Just when I'm thinking about finally buying a car (in all my 28 years, I've never owned one (though I have had one on extended loan once or twice)), the New Yorker runs an article by John Seabrook predicting Automo-Dooms Day:

Since 1970, the population of the United States has grown by forty per cent, while the number of registered vehicles has increased by nearly a hundred per centóin other words, cars have proliferated more than twice as fast as people have. During this same period, road capacity increased by six per cent.
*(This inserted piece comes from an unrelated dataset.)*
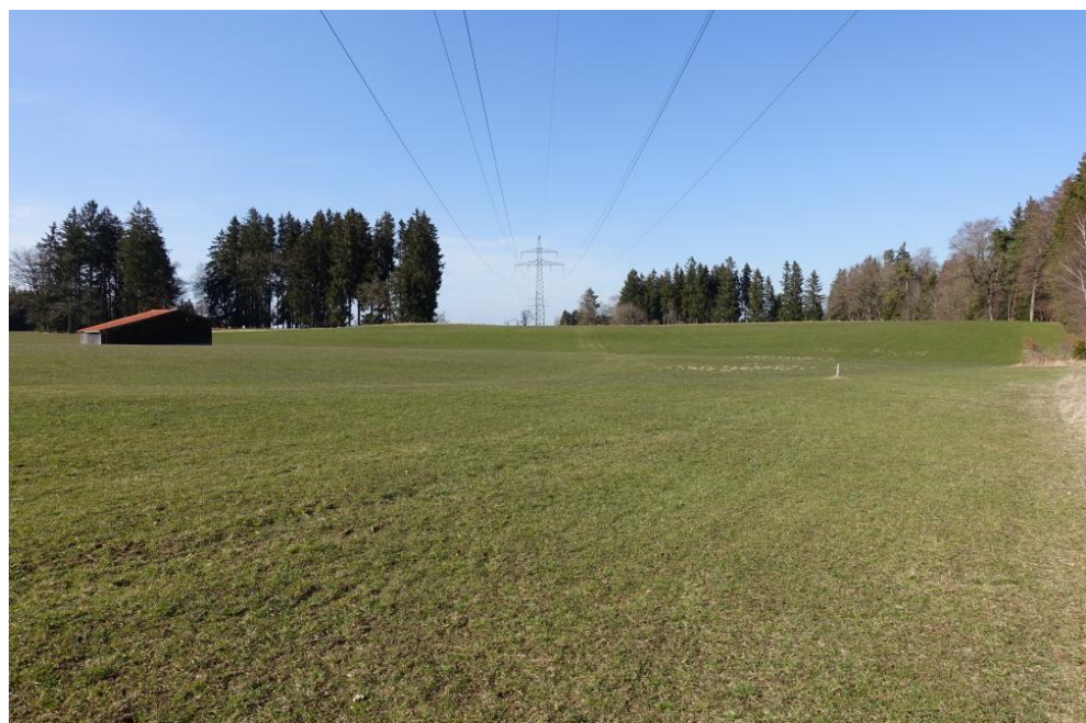
Foto 24 Abschnitt nordöstlich von Hohenfurch, Blickrichtung Nord, 26.03.2021: Grünland im Bereich „In der Lüsse“, in der Bildmitte Maststandort 46

If these trends continue through 2020, every day will resemble a getaway day, with its mixture of commuters, truckers, and recreational drivers, who take to the road without regard for traditional peak travel times, producing congestion all day long: trucks that can't make deliveries on time, people who can't get to or from work, air quality that continues to deteriorate as commerce suffers and our over-all geopolitical position weakens because we are forced to become ever more dependent on foreign oil. This is the way the world ends: not with a bang but a traffic jam.

There is a possible solution, Seabrook writes — to protect a limited resource, you price it according to its scarcity. A city like New York could control traffic reasonably effectively by putting tolls on its bridges, for instance, and charging higher tolls during peak hours (not to mention a few more innovative strategies he discusses). It would cost more to drive into the city, but you could still do it if you wanted to.

In my case, actually, the main determining factor in whether I think I should buy a car is whether I think I will end up in New York City any time soon. If so, a car seems like a ridiculous expense in an already ridiculously expensive city — much wiser, I'd think, to use public transit within the metropolis, and rent a car when I want to get out. This isn't any sort of principled belief, however; it's based purely on the economics as I understand them. It's just not worth the money, I think.

Looking at it this way, tolls make perfect sense to me, but there are many people who see it differently, of course — the kinds of people who grow apocalyptic not over gridlock (well, not in the abstract, at least), but over tolls and parking fees. For instance, the year I lived in North Oakland, nearly all the parking meters in Berkeley (that I saw, at least) had had their heads lopped off. Someone apparently felt the taxpayer expense (there had to have been at least 150 decapitated meters, though I have no idea what they cost) was a small price to pay to free their precious chariots from the oppression and tyranny of eventually having to give up their parking spot to someone else's. (I am assuming, of course, that the vandals in question didn't choose their targets for purely aesthetic reasons.)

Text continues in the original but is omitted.